A number of high-speed control problems, e.g. controlling plasma in aircraft actuations, fusion power plants, guiding of drones etc., are currently bottlenecked by the speed and latency of the control algorithms. Model predictive control (MPC) is an advanced technique to control complex systems, outperforming traditional PID control methods because it is able to predict control violations, rather than react to it. However, its control loop involves solving a quadratic problem at every control step, and therefore it is not computationally tractable for systems requiring speeds higher than kHz. Photonic neural networks help overcome this tradeoff by using techniques such as wavelength division multiplexing, which enables hundreds of high bandwidth signals (20 GHz) to be guided through a single optical waveguide.

Neural networks were demonstrated to solve general-purpose quadratic optimization problems by Hopfield and Tank [194,195]. Until now, Hopfield networks have not been commonly implemented in hardware due to its all-to-all connectivity, which creates an undesirable tradeoff between neuron speed and neural network size – in an electronic circuit, as the number of connections increases, the bandwidth at which the system can operate decreases 57. This means a photonic Hopfield network implementation can simultaneously tackle quadratic programs with large dimensions and converge in nanoseconds [27]. Figure 17 illustrates the implementation of the MPC algorithm on a neuromorphic photonic processor. Implemented in photonic hardware, model predictive control can be employed in systems operating in the MHz regime.

Figure 17. Schematic figure of the procedure to implement the MPC algorithm on a neuromorphic photonic processor. Firstly, map the MPC problem to QP. Then, construct a QP solver with continuous-time recurrent neural networks (CT-RNN) [194]. Finally, build a neuromorphic photonic processor to implement the CT-RNN. The details of how to map MPC to QP, and how to construct a QP solver with CT-RNN are given in De Lima et al. (2019). Adapted from De Lima et al. [27]

6.3.2. Ordinary differential equation solving with a neural compiler

While neural networks are often used for their learning properties, they can also be programmed directly.

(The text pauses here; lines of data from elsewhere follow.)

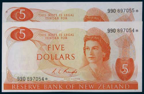 RESERVE BANK OF NEW ZEALAND, R.L.Knight (1975-77), five dollars star replacement notes, 990 897054*/5* consecutive ...
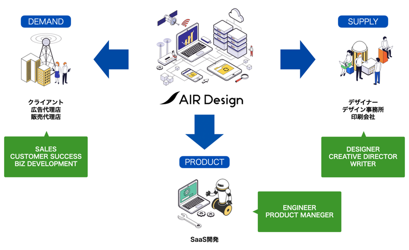 ③PRODUCTサイド:デザイン制作プロセスの改善・効率化を担う現行システム「AIR Process」の継続開発に加え、データに基づく分析・プランニングをSaaSとして提供する「AIR View」の新規開発を展開するため、エンジニアとプロダクトマネージャーの拡充が必要です。詳しくはCTOの細羽が書いた下記noteをご参照ください。
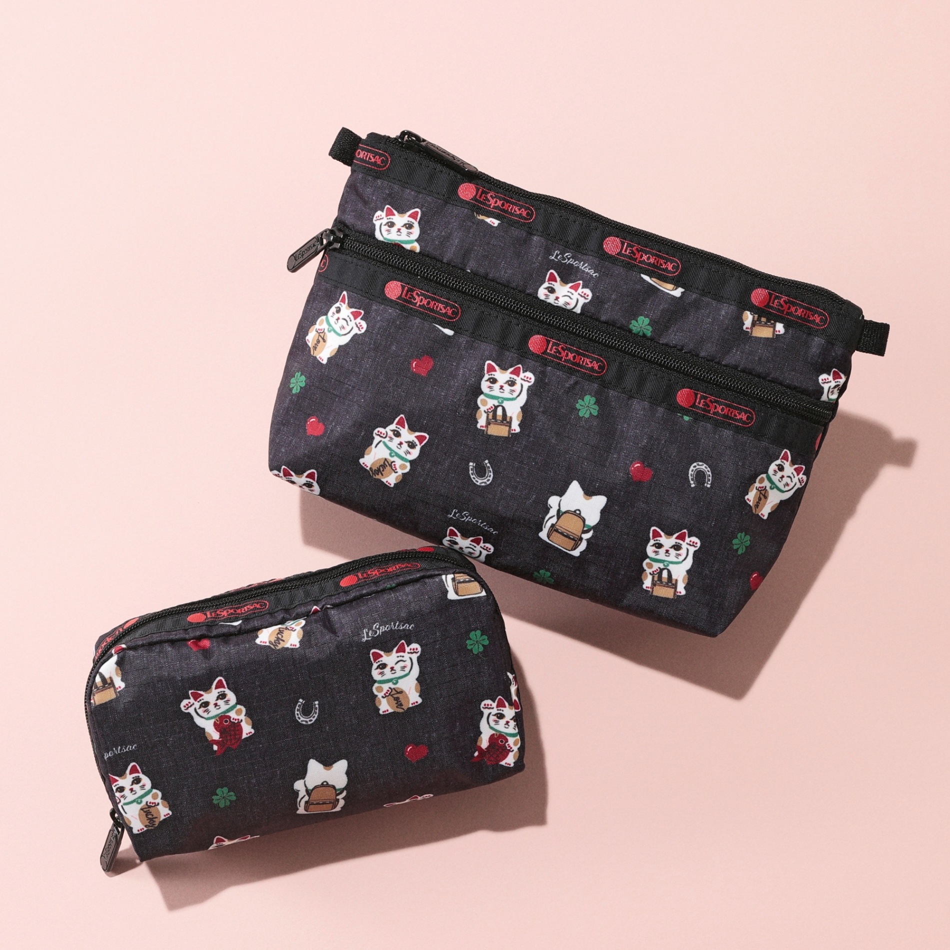 招き猫やクローバー、馬蹄、ハートなど、幸運を象徴するラッキーモチーフのデザイン。ポーチ限定のラインナップ。
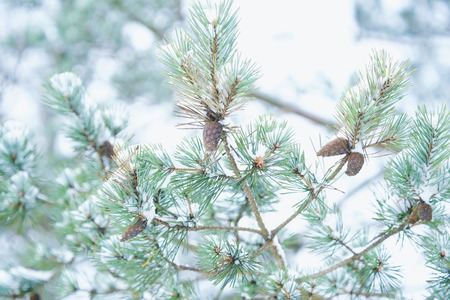 Beautiful green pine branches with cones in winter
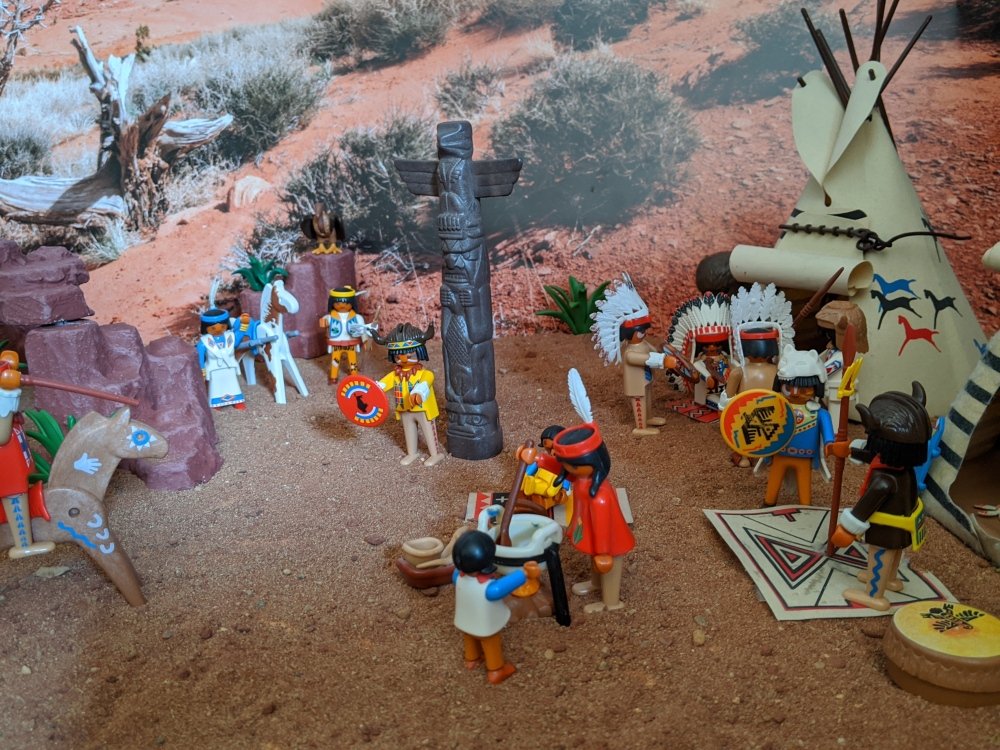 Mir gefällt v.a. wie toll doch auch das alte/ mittelalte Playmobil wirkt, auch in den vorherigen (nicht nur Indianer) Szenen.

Direct programming of analog systems has a major pitfall in that the components are unreliable and subject to parameter variation. One approach is to represent variables as population states that are robust to parameter variations. The neural engineering framework (NEF) [196] provides an algorithm to program ensembles of imperfect analog devices to perform operations on population coded variables.

118,demonstrated a programmable network of two photonic neurons. The NEF algorithm was fed the responses of photonic devices, resulting in a weight matrix that allows the network to approximate variables, operations, and differential equations. It was shown in simulation how 24 neurons could emulate the Lorenz attractor. The approximation improves with more neurons.

The Lorenz attractor is an example of a task-based benchmark, which allows a performance comparison between disparate computing technologies. Figure 18 shows a comparison between a conventional CPU solver (a,c) and a 24-neuron photonic CTRNN (b,d). The reproduction of Lorenz attractor dynamics demonstrated the compatibility between photonic neural networks and the NEF, including all of the NEF’s key principles and consequent functionality. Using this neural compiler provides a route to a variety of known applications and other [197]. The axes of Figure 18 (c,d) are scaled to have equal simulated oscillation periods, but the real-time taken to do the simulation is much faster for the photonic NEF solver.

Figure 18. Photonic neural network benchmarking against a CPU. (a,b) Phase diagrams of the Lorenz attractor simulated by a conventional CPU (a) and a photonic neural network (b). (c,d) Time traces of simulation variables (blue, green, red) for a conventional CPU (c) and a photonic CTRNN [d). The horizontal axes are labeled in physical real time, and cover equal intervals of virtual simulation time, as benchmarked by $\gamma$CPU and $\gamma$Pho. The ratio of real-time values of $\gamma$‘s indicates a 294-fold acceleration. From .118

6.4. Cryptography and security

6.4.1. Optical steganography (bio-inspired by marine hatchetfish camouflage strategies]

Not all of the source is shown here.